Take a look at this question:

Rich countries often give money to poorer countries, but it does not solve poverty. Therefore, developed countries should give other types of help to the poor countries rather than financial aid.

To what extent do you agree or disagree?

It is clearly asking for your personal opinion, so it would be fine to say “I think…” or “I believe…” However, we could definitely answer it in a more detached, formal sense.

To give my opinion, I will say:

this essay will argue that giving money is not simply enough and that more nuanced, long-term solutions are necessary

Later, in the conclusion, I will use similar language to affirm my view:

whilst it may seem reasonable to donate money to poor countries, it would be far better to help them through education

Here is the full essay:

Sample Band 9 Answer

The topic of international aid is incredibly controversial and there are no simple solutions. However, this essay will argue that giving money is not simply enough and that more nuanced, long-term solutions are necessary.

To begin with, it is important to acknowledge that poor countries need some form of aid and that money is better than nothing. Wealthy countries give vast sums of money, but there are numerous problems that emerge. Firstly, this money usually has strings attached, meaning that the poor countries often end up owing favours or debts, which exacerbates their problems. Secondly, poor countries are typically poor because of endemic corruption, and money donated is usually embezzled immediately after receipt. As such, giving money is understandable but problematic, and other forms of aid are thus preferable.

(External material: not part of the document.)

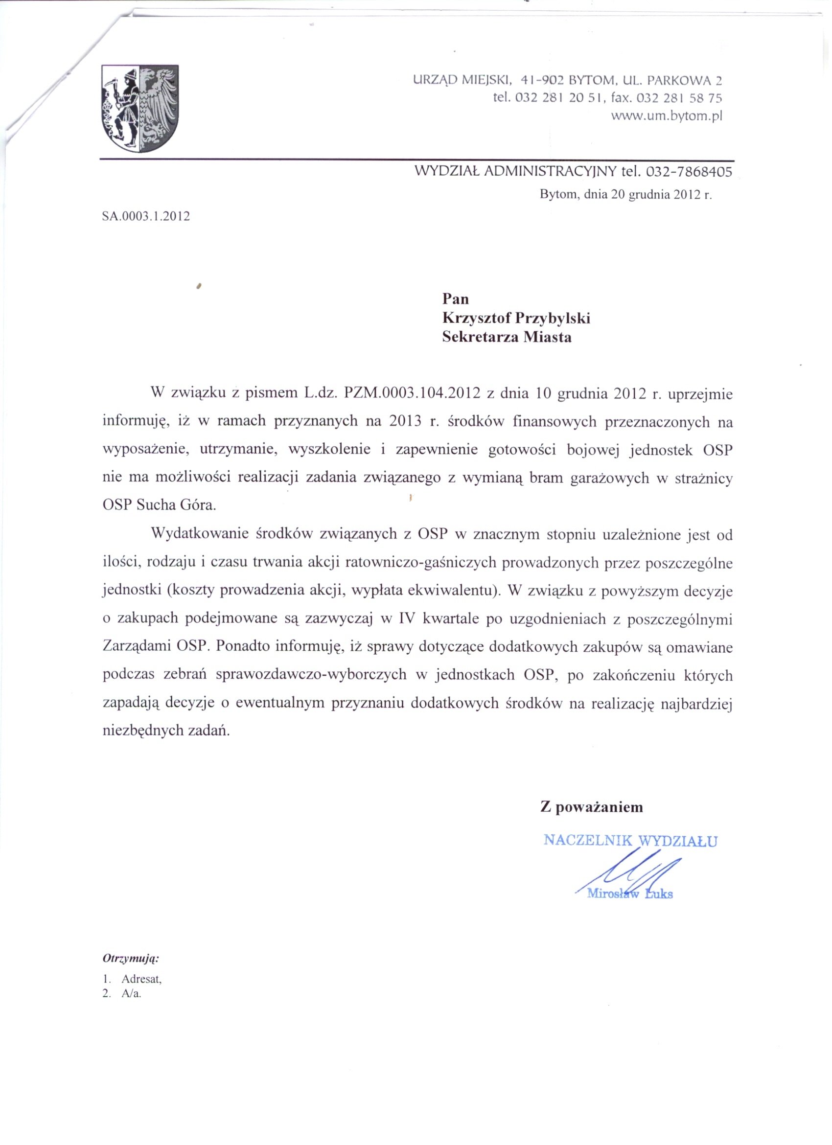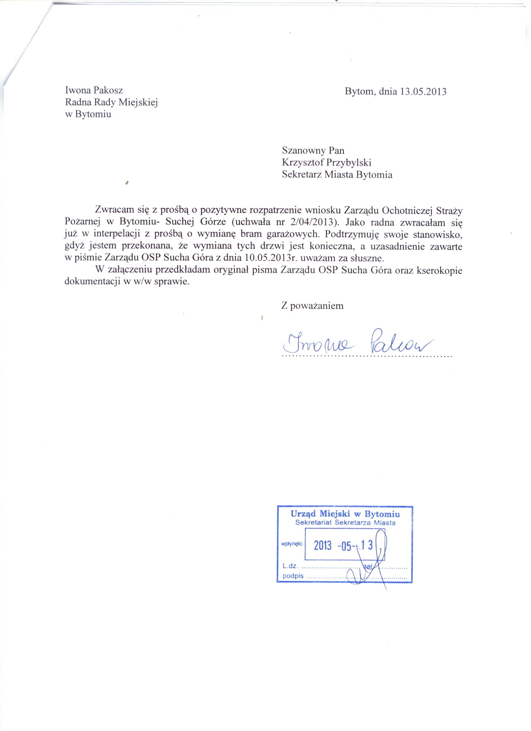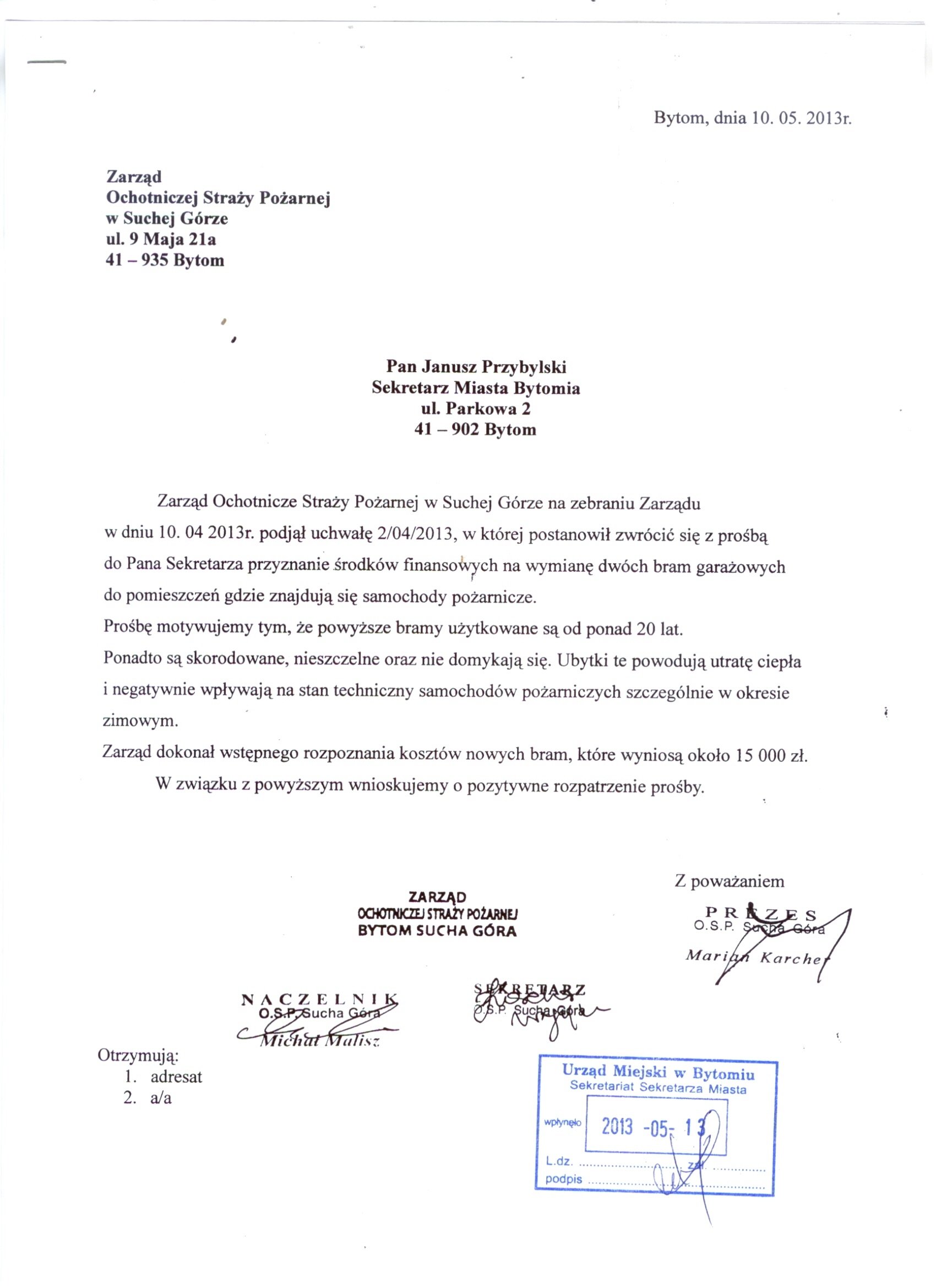 Członkowie Ochotniczej Straży Pożarnej w Suchej Górze zwrócili się do mnie z prośbą, abym pomogła im pozyskać środki na wymianę drzwi wjazdowych. Zaczęłam od napisania interpelacji w tej sprawie. Równocześnie monitowałam w tej sprawie u Pana Sekretarza Miasta oraz Naczelnika ds. Administracyjnych. Drzwi poddano oględzinom komisji ze strony Urzędu Miasta Bytom. Stwierdzono, że stare drzwi nie nadają się do użytku, gdyż mimo kilkukrotnych napraw nadal źle się otwierają, co znacznie opóźnia akcje ratownicze. Po kilku miesiącach usilnych starań udało mi się zrealizować zamierzony cel i drzwi zostały wymienione.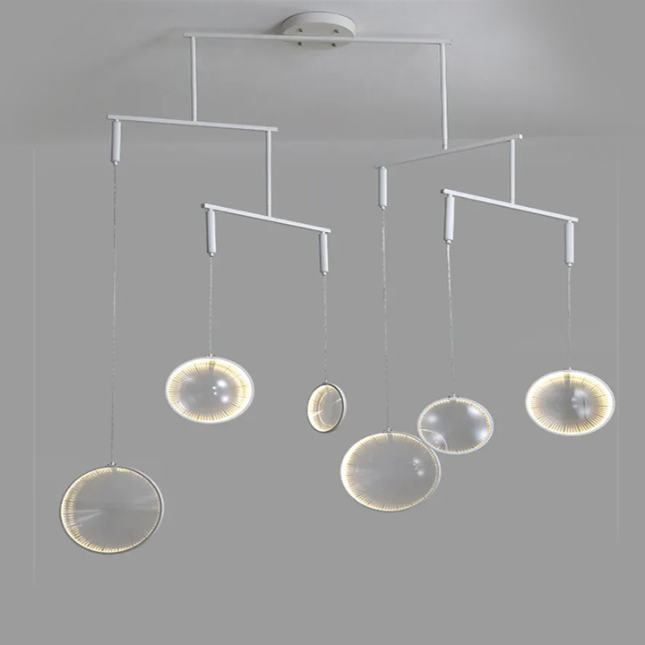 Brinley pendant lamp, designed in contemporary style. This pendant connecting three size round glass LED light. Three different size round glass arrange in different level. Brinley available in two options arrangement; it makes six and nine arrangement round glass.

Nowadays, many people realise that it is better to provide poor countries with the means to help themselves. This can be done in various ways, including education. As such, perhaps the best way to help these nations is to provide them with teachers and educational facilities. This can allow them to raise a generation of intelligent, motivated people who will shape the future. It can clearly be seen that the education of women is of particular importance, as this lowers the fertility rate, further stopping other problems that contribute to poverty. Therefore, the education of young women should be made a top priority.

In conclusion, whilst it may seem reasonable to donate money to poor countries, it would be far better to help them through education.


Writing an essay for an IELTS “agree or disagree” question is probably a little more difficult than writing one for other question types. However, it is not much more difficult and if you follow the advice above, you can definitely create a wonderful essay that will get a high score. Just remember to answer the question directly and also to use appropriate language throughout.